[Excerpted data Boundary: Start]

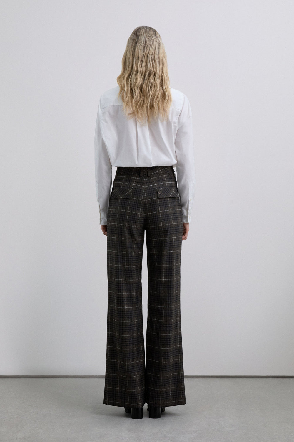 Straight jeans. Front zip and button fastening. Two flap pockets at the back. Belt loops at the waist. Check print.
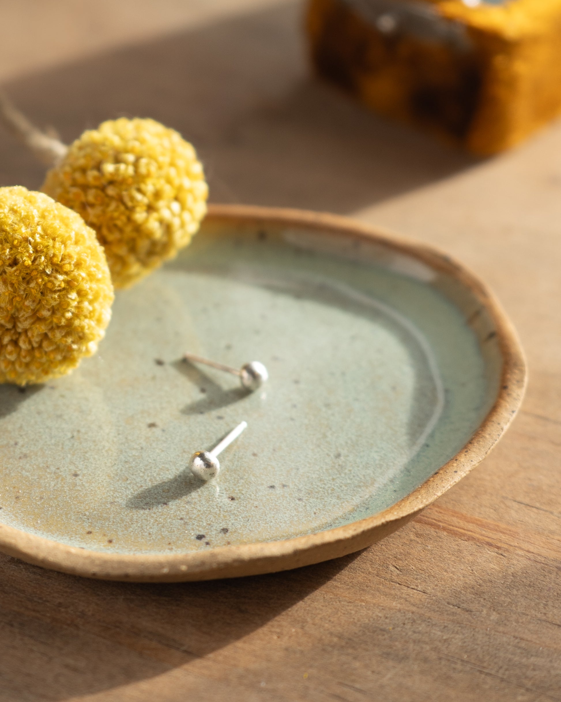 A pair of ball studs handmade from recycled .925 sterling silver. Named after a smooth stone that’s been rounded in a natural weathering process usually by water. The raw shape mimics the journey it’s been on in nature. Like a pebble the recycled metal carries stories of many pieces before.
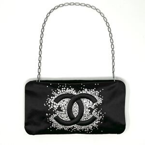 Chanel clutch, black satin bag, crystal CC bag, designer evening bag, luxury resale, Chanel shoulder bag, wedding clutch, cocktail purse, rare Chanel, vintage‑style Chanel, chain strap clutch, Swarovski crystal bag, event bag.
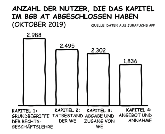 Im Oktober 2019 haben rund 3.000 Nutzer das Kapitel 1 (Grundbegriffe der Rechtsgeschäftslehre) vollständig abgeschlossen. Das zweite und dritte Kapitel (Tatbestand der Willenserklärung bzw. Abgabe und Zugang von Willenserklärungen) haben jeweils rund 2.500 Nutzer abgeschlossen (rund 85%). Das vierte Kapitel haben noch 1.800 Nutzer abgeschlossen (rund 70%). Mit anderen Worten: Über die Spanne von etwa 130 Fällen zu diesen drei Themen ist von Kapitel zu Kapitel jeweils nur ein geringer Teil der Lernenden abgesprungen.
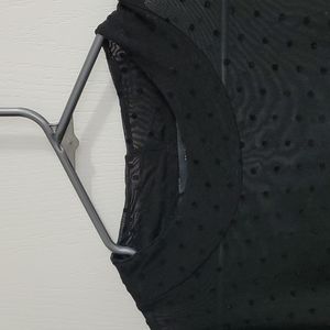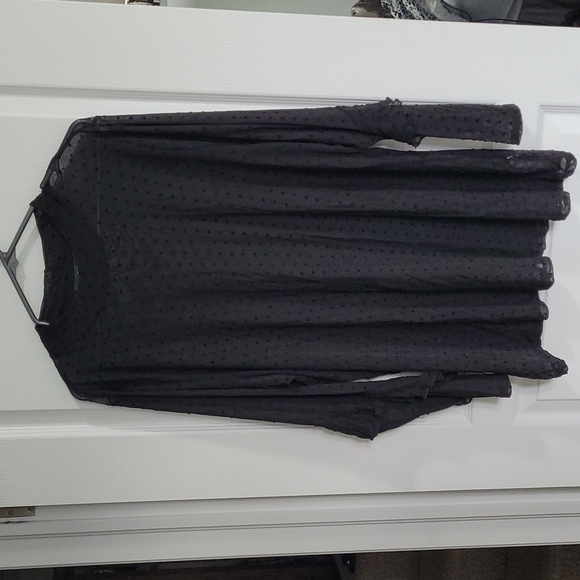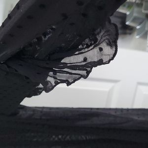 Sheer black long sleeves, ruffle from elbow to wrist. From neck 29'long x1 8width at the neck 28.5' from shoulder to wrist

[Excerpted data Boundary: End]

### Directions for this task
Without including any picture, retype the entries exactly.

### Response to this exercise
 Straight jeans. Front zip and button fastening. Two flap pockets at the back. Belt loops at the waist. Check print.
 A pair of ball studs handmade from recycled .925 sterling silver. Named after a smooth stone that’s been rounded in a natural weathering process usually by water. The raw shape mimics the journey it’s been on in nature. Like a pebble the recycled metal carries stories of many pieces before.
 Chanel clutch, black satin bag, crystal CC bag, designer evening bag, luxury resale, Chanel shoulder bag, wedding clutch, cocktail purse, rare Chanel, vintage‑style Chanel, chain strap clutch, Swarovski crystal bag, event bag.
 Im Oktober 2019 haben rund 3.000 Nutzer das Kapitel 1 (Grundbegriffe der Rechtsgeschäftslehre) vollständig abgeschlossen. Das zweite und dritte Kapitel (Tatbestand der Willenserklärung bzw. Abgabe und Zugang von Willenserklärungen) haben jeweils rund 2.500 Nutzer abgeschlossen (rund 85%). Das vierte Kapitel haben noch 1.800 Nutzer abgeschlossen (rund 70%). Mit anderen Worten: Über die Spanne von etwa 130 Fällen zu diesen drei Themen ist von Kapitel zu Kapitel jeweils nur ein geringer Teil der Lernenden abgesprungen.
 Sheer black long sleeves, ruffle from elbow to wrist. From neck 29'long x1 8width at the neck 28.5' from shoulder to wrist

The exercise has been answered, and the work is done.